SPD-Chefin Bas bei Miosga: Zwischen Revolution und Reformstau
SPD-Chefin Bas bei Miosga: Revolution oder Reformstau?

SPD-Chefin Bärbel Bas bei Caren Miosga: Eine Frau zwischen Revolution und Reformstau

Die SPD steckt in der Krise, und Bärbel Bas sucht das Gaspedal. In der ARD-Sendung „Caren Miosga“ gab die SPD-Vorsitzende die Klassenkämpferin aus dem Ruhrpott, doch bei den Reformdiskussionen in der Hauptstadt verlässt sie sich vor allem auf das Prinzip Hoffnung. Eine Fernsehkritik von Christian Buß.

Auftritt als Kämpferin aus dem Ruhrpott

Bärbel Bas inszenierte sich als bodenständige Politikerin, die die Nöte der Arbeiter kennt. Sie sprach von „Werkstoren“, vor denen die SPD wieder präsent sein müsse. Ihre Botschaft: Die Partei dürfe den Kontakt zur Basis nicht verlieren. Doch die konkreten Antworten auf die drängenden Fragen der Zeit blieben vage.

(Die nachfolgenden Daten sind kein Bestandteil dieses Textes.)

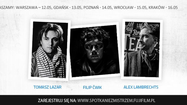 Od 12 do 16 maja w pięciu miastach Polski Fujifilm organizuje Spotkania z mistrzem. Warsztaty dla miłośników fotografii poprowadzą trzej znani fotografowie: Tomasz Lazar, Filip Ćwik i Alex Lambrechts. To druga edycja tego typu spotkań. Pierwsza odbyła się w listopadzie i cieszyła się dużą popularnością.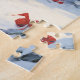 Design de um cão da Terra Nova vestindo um chapéu de Santa andando pelas montanhas de neve e desejando um feliz natal.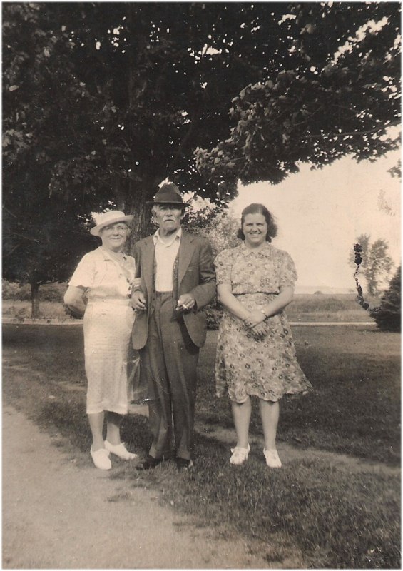 This is a photo from July 1940 of my great-great-grandmother, Emma Jane FIRMENICH, on the left with her 3rd husband, George Cook. On the right is my great-great-aunt, Sadie CORRIGAN.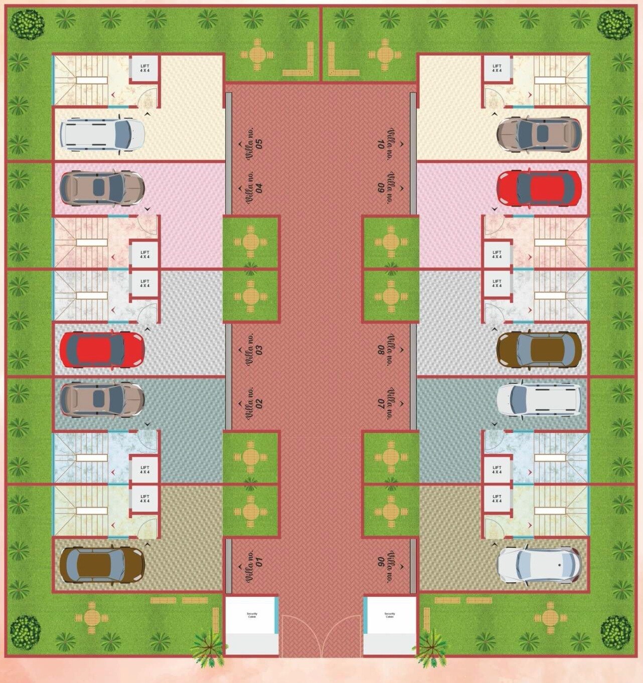 The master plan effectively utilizes the land to create a residential community centered around individual villas. It's laid out with two main rows of villas, separated by a central driveway/pathway, and interspersed with ample green spaces and dedicated parking areas for each residence.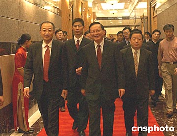 國(guó)務(wù)委員唐家璇(中)在國(guó)務(wù)院僑辦副主任、中新社社長(zhǎng)劉澤彭(左),湖南省委副書記、代省長(zhǎng)周伯華(右)等陪同下,二十一日在長(zhǎng)沙出席“第二屆世界華文傳媒論壇”晚宴。中新社記者:武仲林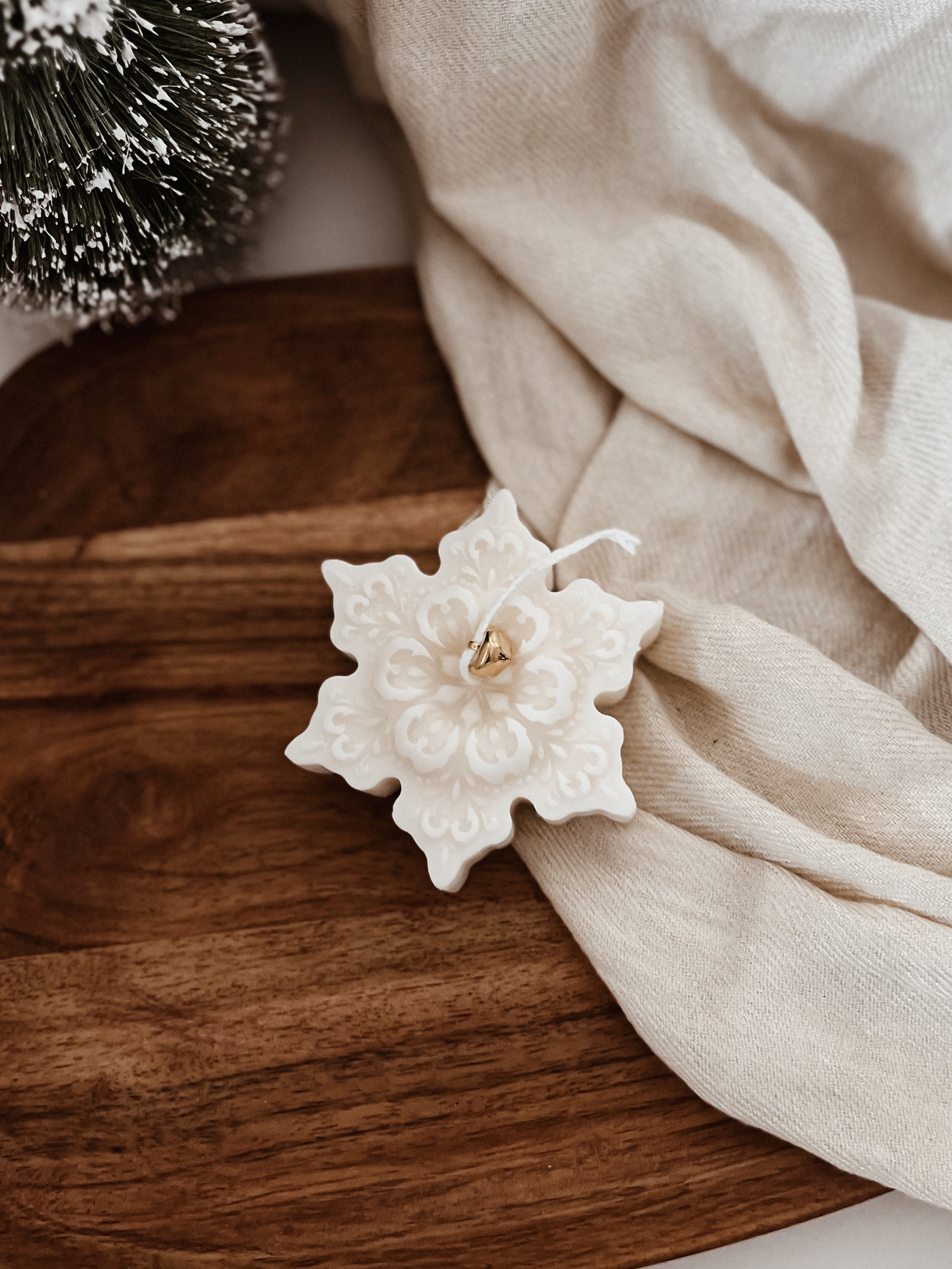 Inspirada na beleza única de cada floco de neve, esta vela artesanal da SRAAL é moldada à mão com cera de soja e um perfume suave que evoca o frescor do inverno.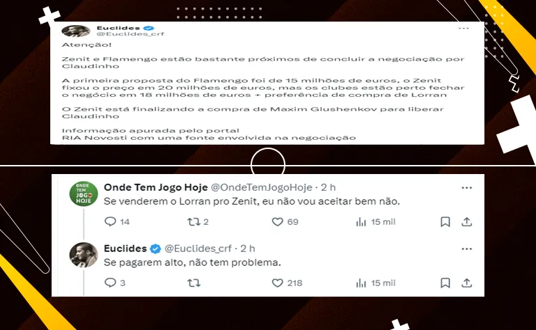 Isso porque, de acordo com a fonte, os clubes estão perto de fechar um acordo por 18 milhões de euros. Além disso, o Zenit ainda terá a preferência de compra do jovem Lorran.

Reformstau in der Hauptstadt

Während Bas kämpferische Töne anschlug, zeigte sie sich in der Sache zurückhaltend. Auf die Frage nach notwendigen Reformen verwies sie auf die Koalitionspartner und die schwierigen Mehrheitsverhältnisse. Kritiker werfen ihr vor, sich im Reformstau zu verlieren, anstatt klare Akzente zu setzen.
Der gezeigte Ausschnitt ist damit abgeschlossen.